In this paper we consider from two different aspects the proximal alternating direction method of multipliers (ADMM) in Hilbert spaces. We first consider the application of the proximal ADMM to solve well-posed linearly constrained two-block separable convex minimization problems in Hilbert spaces and obtain new and improved non-ergodic convergence rate results, including linear and sublinear rates under certain regularity conditions. We next consider proximal ADMM as a regularization method for solving linear ill-posed inverse problems in Hilbert spaces.

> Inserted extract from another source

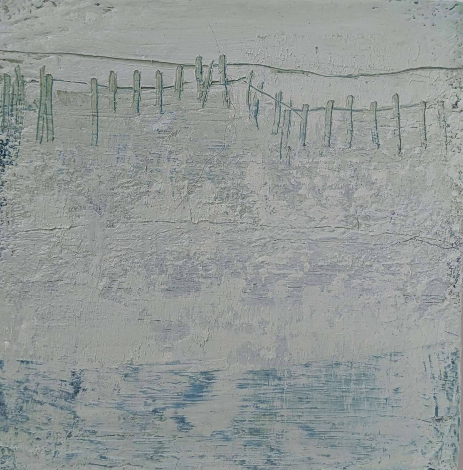 A small abstract painting in a series inspired by coastal glimpses on an Atlantic sea journey.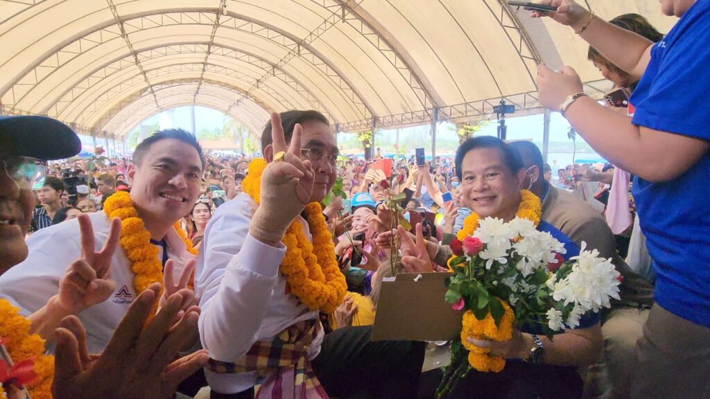 พล.อ.ประยุทธ์ จันทร์โอชา นายกรัฐมนตรีและรัฐมนตรีว่าการกระทรวงกลาโหม ในฐานะประธานยุทธศาสตร์ และแคนดิเดตนายกรัฐมนตรีของพรรครวมไทยสร้างชาติ พร้อมด้วยนายพีระพันธุ์ สาลีรัฐวิภาค หัวหน้าพรรคนายธนกร วังบุญคงชนะ รองหัวหน้าพรรค นายเอกณัฎ พร้อมพันธุ์ เลขาธิการพรรค ในฐานะกำกับดูแลพื้นที่ภาคใต้ ลงพื้นที่อำเภอกันตัง จังหวัดตรัง ช่วยนายสมบูรณ์ อุทัยเวียนกุล ผู้สมัครเขต 4 พรรครวมไทยสร้างชาติที่ย้ายมาจากประชาธิปัตย์

When the data is corrupted by additive noise, we establish, under a benchmark source condition, a convergence rate result in terms of the noise level when the number of iteration is properly chosen.

翻译：本文从两个不同角度探讨了Hilbert空间中的乘子方向交替邻近法（ADMM）。首先，我们将乘子方向交替邻近法应用于求解Hilbert空间中适定的线性约束两块可分凸极小化问题，并在特定正则性条件下获得了新的且改进的非遍历收敛速率结果，包括线性和次线性速率。其次，我们将乘子方向交替邻近法视为一种正则化方法，用于求解Hilbert空间中的线性不适定逆问题。当数据受到加性噪声污染时，在基准源条件下，我们建立了当迭代次数适当选取时关于噪声水平的收敛速率结果。